### Work instructions:
What you write must match, character for character, the lines from the one with "Vogels EFW8345 Soporte" down to the one with "Die Einfachblühende Dahlie" in the listing below, minus its pictures.

(Records for this exercise begins)

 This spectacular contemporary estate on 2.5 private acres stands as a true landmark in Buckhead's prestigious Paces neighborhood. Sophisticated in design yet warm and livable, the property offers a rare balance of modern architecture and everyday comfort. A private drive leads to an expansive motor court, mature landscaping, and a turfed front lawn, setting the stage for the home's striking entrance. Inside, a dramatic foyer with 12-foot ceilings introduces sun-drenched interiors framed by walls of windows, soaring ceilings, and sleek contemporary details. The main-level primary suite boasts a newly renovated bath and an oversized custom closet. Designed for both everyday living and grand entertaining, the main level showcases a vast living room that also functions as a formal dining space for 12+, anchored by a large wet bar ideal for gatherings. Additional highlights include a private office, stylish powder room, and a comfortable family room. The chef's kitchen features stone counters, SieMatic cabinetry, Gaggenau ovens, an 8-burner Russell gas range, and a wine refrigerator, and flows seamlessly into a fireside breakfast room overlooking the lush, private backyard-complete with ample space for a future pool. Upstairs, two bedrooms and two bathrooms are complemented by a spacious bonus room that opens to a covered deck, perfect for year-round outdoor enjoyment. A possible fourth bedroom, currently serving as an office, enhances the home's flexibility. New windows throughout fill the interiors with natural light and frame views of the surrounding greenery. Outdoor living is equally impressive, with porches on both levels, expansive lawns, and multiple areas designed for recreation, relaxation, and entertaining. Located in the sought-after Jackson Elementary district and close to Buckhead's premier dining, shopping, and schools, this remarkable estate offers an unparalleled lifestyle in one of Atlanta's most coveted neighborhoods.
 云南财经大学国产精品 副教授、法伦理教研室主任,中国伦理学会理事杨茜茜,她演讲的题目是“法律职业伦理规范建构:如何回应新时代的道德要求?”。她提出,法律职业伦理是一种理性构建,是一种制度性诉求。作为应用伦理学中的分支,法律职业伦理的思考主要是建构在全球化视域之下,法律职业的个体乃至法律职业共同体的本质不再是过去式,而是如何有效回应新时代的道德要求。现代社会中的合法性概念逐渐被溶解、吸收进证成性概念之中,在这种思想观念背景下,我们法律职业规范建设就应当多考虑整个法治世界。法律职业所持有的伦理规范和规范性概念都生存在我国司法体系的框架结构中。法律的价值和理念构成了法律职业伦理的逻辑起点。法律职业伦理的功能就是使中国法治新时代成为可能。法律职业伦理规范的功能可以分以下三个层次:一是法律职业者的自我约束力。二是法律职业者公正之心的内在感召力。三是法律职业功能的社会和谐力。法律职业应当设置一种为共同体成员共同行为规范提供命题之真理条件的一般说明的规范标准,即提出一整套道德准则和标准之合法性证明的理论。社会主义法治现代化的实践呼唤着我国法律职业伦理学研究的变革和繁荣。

(Records for this exercise ends)
(Records for this exercise begins)

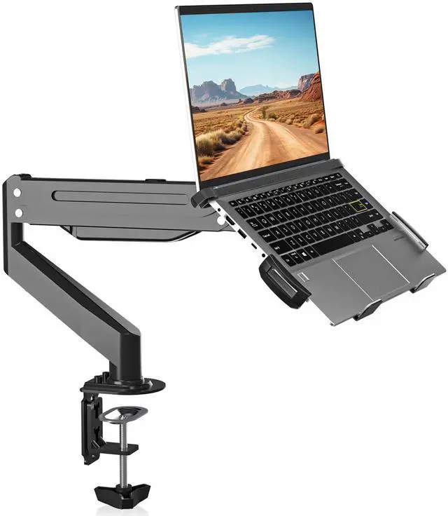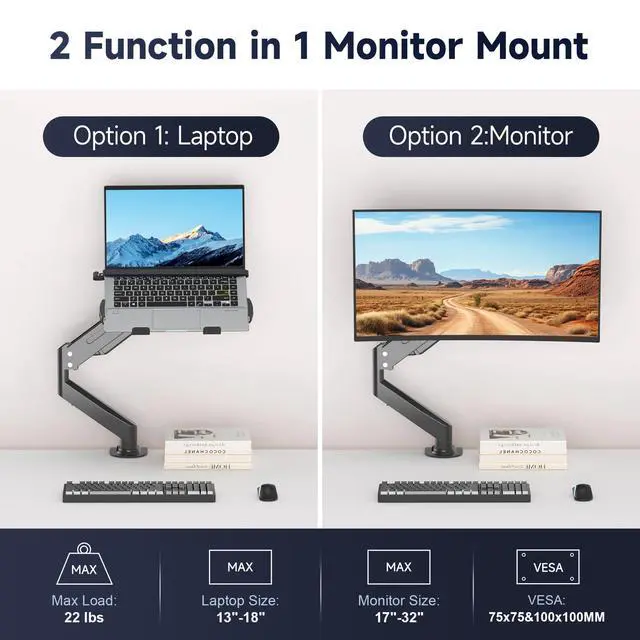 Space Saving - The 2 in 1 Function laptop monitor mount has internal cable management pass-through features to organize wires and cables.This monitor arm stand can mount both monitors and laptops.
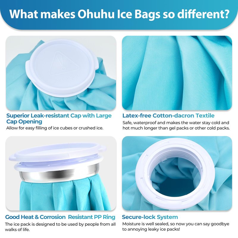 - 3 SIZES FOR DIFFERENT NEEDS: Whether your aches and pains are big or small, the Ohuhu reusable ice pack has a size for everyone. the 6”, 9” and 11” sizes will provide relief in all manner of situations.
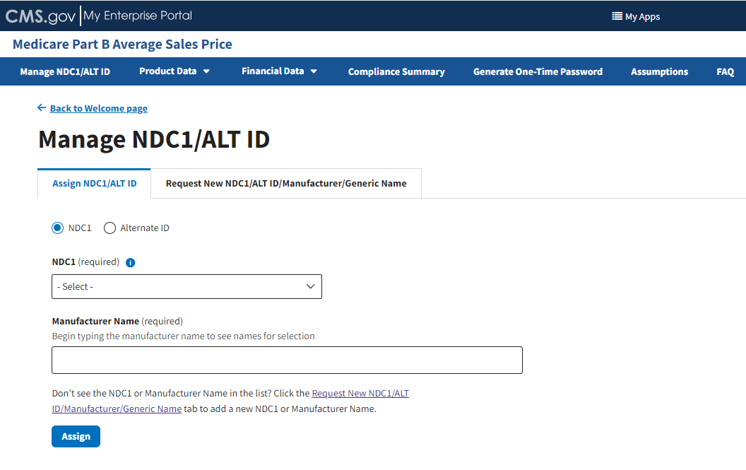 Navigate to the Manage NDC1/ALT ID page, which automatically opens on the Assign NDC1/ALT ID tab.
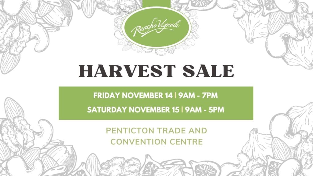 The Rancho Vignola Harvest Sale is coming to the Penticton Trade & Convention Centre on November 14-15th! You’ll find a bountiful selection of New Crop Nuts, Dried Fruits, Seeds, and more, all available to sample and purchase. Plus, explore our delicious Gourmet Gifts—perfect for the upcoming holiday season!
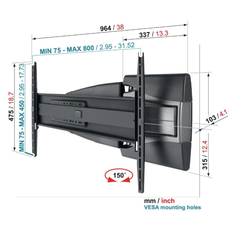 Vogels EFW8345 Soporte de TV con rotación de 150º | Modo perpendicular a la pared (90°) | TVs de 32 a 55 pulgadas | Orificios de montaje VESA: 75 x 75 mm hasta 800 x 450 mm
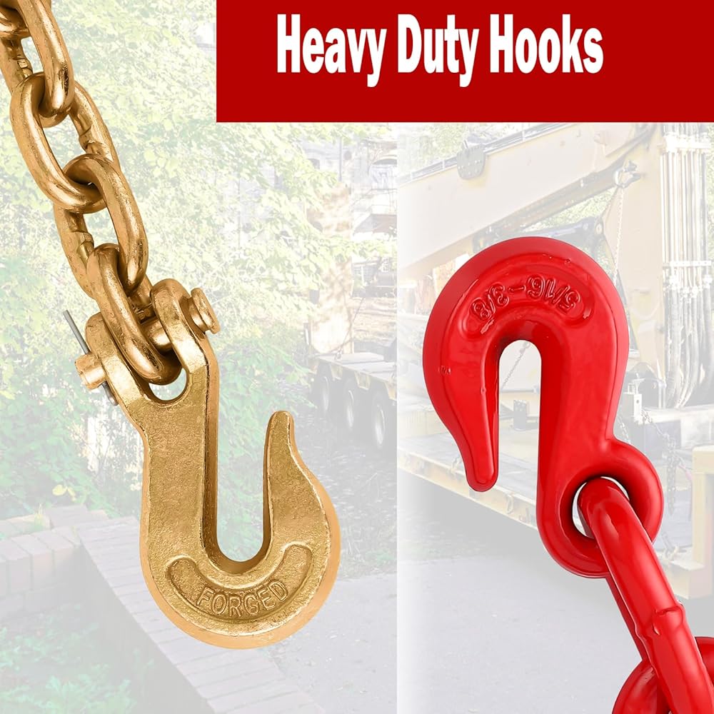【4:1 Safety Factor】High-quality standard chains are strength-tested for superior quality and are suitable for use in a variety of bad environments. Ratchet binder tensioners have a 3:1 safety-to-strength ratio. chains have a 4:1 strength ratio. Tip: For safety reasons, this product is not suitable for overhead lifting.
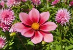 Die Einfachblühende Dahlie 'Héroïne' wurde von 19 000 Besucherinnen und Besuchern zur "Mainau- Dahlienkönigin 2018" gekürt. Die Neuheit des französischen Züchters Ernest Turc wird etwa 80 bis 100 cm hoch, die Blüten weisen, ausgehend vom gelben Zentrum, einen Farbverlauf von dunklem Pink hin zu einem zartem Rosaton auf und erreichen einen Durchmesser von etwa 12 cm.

(Records for this exercise ends)
(Records for this exercise begins)

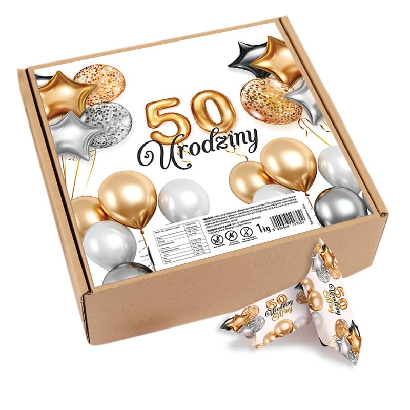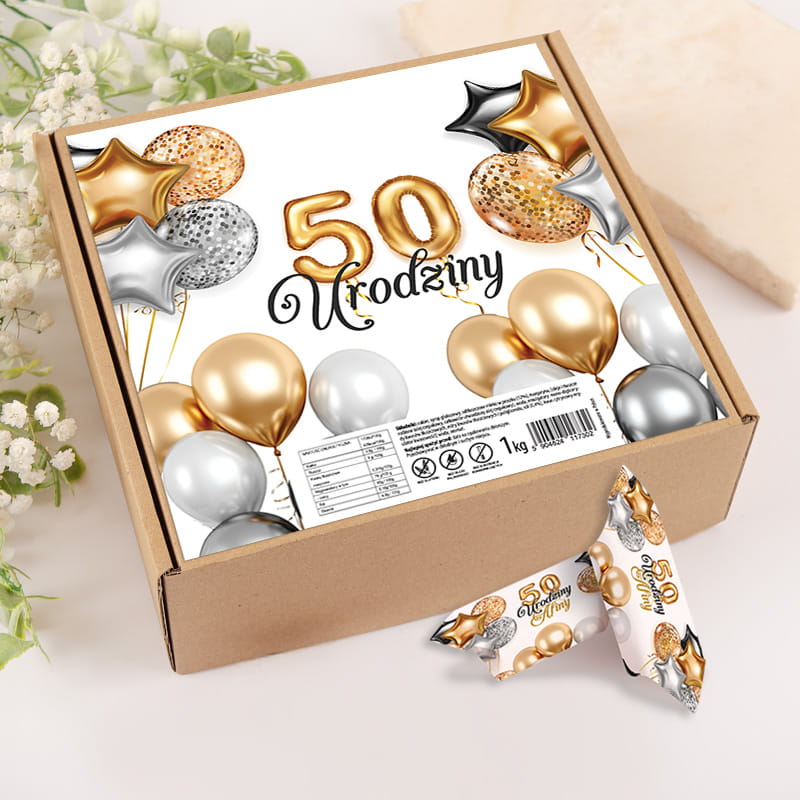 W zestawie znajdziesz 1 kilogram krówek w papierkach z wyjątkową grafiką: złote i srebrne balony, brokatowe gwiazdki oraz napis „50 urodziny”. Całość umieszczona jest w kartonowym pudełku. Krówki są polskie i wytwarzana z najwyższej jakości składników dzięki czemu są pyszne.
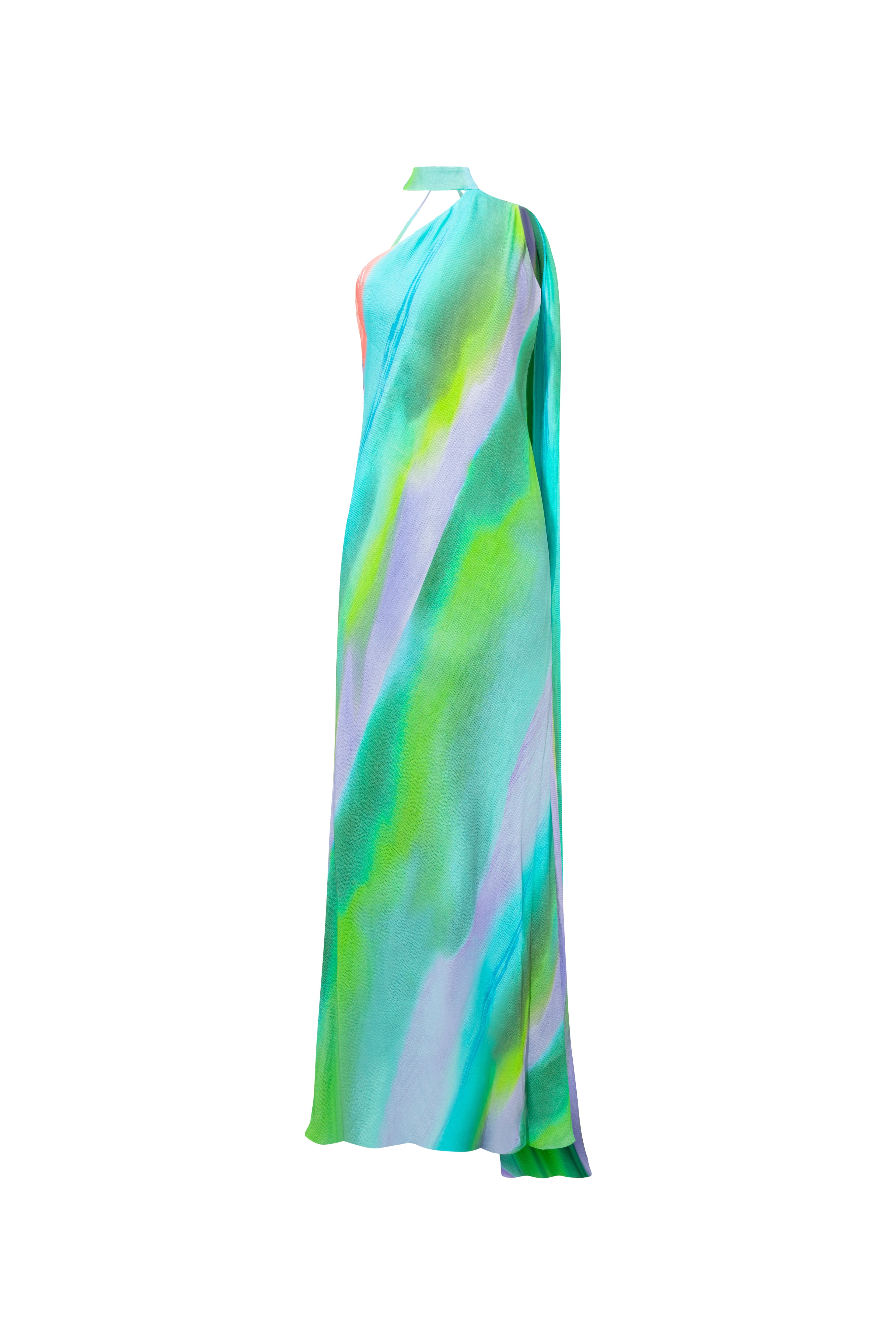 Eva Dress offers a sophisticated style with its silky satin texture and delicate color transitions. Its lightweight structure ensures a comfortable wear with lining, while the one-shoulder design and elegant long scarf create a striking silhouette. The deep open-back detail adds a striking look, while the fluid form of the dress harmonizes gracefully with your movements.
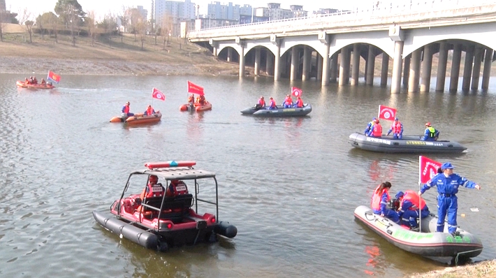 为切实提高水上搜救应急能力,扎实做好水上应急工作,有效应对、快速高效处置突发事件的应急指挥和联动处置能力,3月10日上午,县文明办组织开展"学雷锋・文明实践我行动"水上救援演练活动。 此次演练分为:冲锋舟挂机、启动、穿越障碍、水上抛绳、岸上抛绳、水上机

(Records for this exercise ends)

### The completed task:
 Vogels EFW8345 Soporte de TV con rotación de 150º | Modo perpendicular a la pared (90°) | TVs de 32 a 55 pulgadas | Orificios de montaje VESA: 75 x 75 mm hasta 800 x 450 mm
【4:1 Safety Factor】High-quality standard chains are strength-tested for superior quality and are suitable for use in a variety of bad environments. Ratchet binder tensioners have a 3:1 safety-to-strength ratio. chains have a 4:1 strength ratio. Tip: For safety reasons, this product is not suitable for overhead lifting.
 Die Einfachblühende Dahlie 'Héroïne' wurde von 19 000 Besucherinnen und Besuchern zur "Mainau- Dahlienkönigin 2018" gekürt. Die Neuheit des französischen Züchters Ernest Turc wird etwa 80 bis 100 cm hoch, die Blüten weisen, ausgehend vom gelben Zentrum, einen Farbverlauf von dunklem Pink hin zu einem zartem Rosaton auf und erreichen einen Durchmesser von etwa 12 cm.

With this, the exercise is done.